Entre mis recuerdos otoñales de juventud, la lectura febril de Crimen y castigo, de Dostoievski, permanece grabada en mi memoria, incólume, inalterable, como si el tiempo se hubiese detenido. Relaciono ese momento heroico con la caída de las hojas, con una constante y fina lluvia empapando los cristales de la ventana que daba al patio de mi casa. Atormentado en aquellos días por la historia de Raskólnikov, un joven acuciado por las deudas y la miseria, que decide acabar con la vida de una anciana prestamista, cometiendo, a la sazón, un crimen perfecto, me veía arrastrado, además, por la presencia, imponente, de esa joven prostituta, Sonia, ese ángel redentor en la vida del protagonista. Pero era, sobre todo, el epílogo de la novela, con Raskólnikov expiando su crimen en Siberia, el que me había causado un enorme impacto, un éclat, tal como dicen los franceses, es decir, una especie de fulgor, de resplandor. 

En la cárcel siberiana, Raskólnikov se lamenta de su debilidad. Se arrepiente de confesar su culpabilidad, de entregarse a las autoridades. Pero no se arrepiente de su crimen. Su vida transcurre anodina, sin nada a lo que aferrarse, a pesar de que tiene cerca a Sonia, que se ha trasladado a Siberia para estar cerca del condenado. Raskólnikov se ha quedado sin ideas. Está solo, pese a la presencia de los presos, pese a la infatigable fortaleza de Sonia. 

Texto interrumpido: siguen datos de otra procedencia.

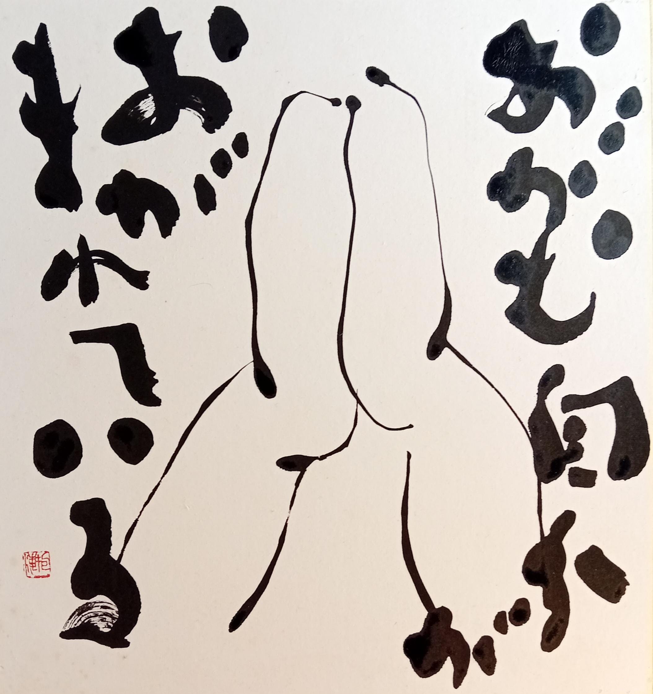 The composition belongs to the shoga tradition, combining calligraphy and painting within a single work.

Un buen día, postrado por la enfermedad, Raskólnikov tiene un sueño. Una peste se extiende arrasando con todo. Cada ser humano es consciente de estar en posesión de la verdad, lo que provoca constantes conflictos. Acuciado por este sueño apocalíptico, tras recuperarse de la enfermedad, Raskólnikov observa a Sonia desde la ventana de su cuarto en el hospital. La joven permanece de pie, en el patio, esperando la recuperación del enfermo. En ese preciso instante, algo atraviesa el corazón del condenado, de parte a parte. A la mañana siguiente, muy temprano, durante un pequeño descanso en el trabajo, Raskólnikov se sienta en un montón de troncos, a la orilla del río. A lo lejos, en la inmensa estepa, los nómadas disfrutan de su libertad. El condenado está sumido «en un estado de ensueño y contemplación» y «atormentado por una vaga impresión de nostalgia». No se ha dado cuenta de que Sonia está sentada a su lado, cubierta con un abrigo viejo y con un pañuelo verde sobre la cabeza. De forma inconsciente, las manos de los dos jóvenes quedan entrelazadas. Raskólnikov agacha la cabeza. Entonces, y sólo entonces, se arrodilla ante Sonia, llora y se abraza a sus piernas. «En sus rostros enfermizos y pálidos», escribe Dostoyevski, «resplandecía la aurora del futuro renovado, de un total renacimiento a la nueva vida». Esta imagen, que responde a un profundo humanismo, se completa cuando esa misma noche Raskólnikov toma entre sus manos el Evangelio que le ha entregado Sonia y que reposa debajo de la almohada. 

Crimen y castigo se publica en 1866. Terminé de entender años después, completamente, este apoteósico epílogo de la novela, mientras leía Momentos estelares de la humanidad, de Stefan Zweig. Cuenta el escritor austríaco que, en el alba del día 22 de diciembre de 1849, Dostoyevski está a punto de ser fusilado en la plaza Semenovsk de San Petersburgo. Acusado de actividades subversivas contra el zar, espera el momento marcado por el destino para su fin. Atado a un poste, cubierto con un sudario blanco, la última mirada de Dostoyevski se dirige al cielo y a la iglesia que domina la plaza. Finalmente, velados sus ojos, el poeta repasa, fugazmente, su vida. Luego llega el milagro. Un emisario anuncia que el zar ha anulado la sentencia de muerte. El alguacil desata las cuerdas del condenado, retira el pañuelo que tapa sus ojos. Dostoievski contempla, de nuevo, la iglesia, «que ahora arde místicamente». En ese momento heroico, el poeta se arrodilla y llora. Lo que ha acontecido es una resurrección, el renacimiento a una nueva vida. Como Raskólnikov en la Siberia de Crimen y castigo, el poeta «experimenta la dulzura de vivir».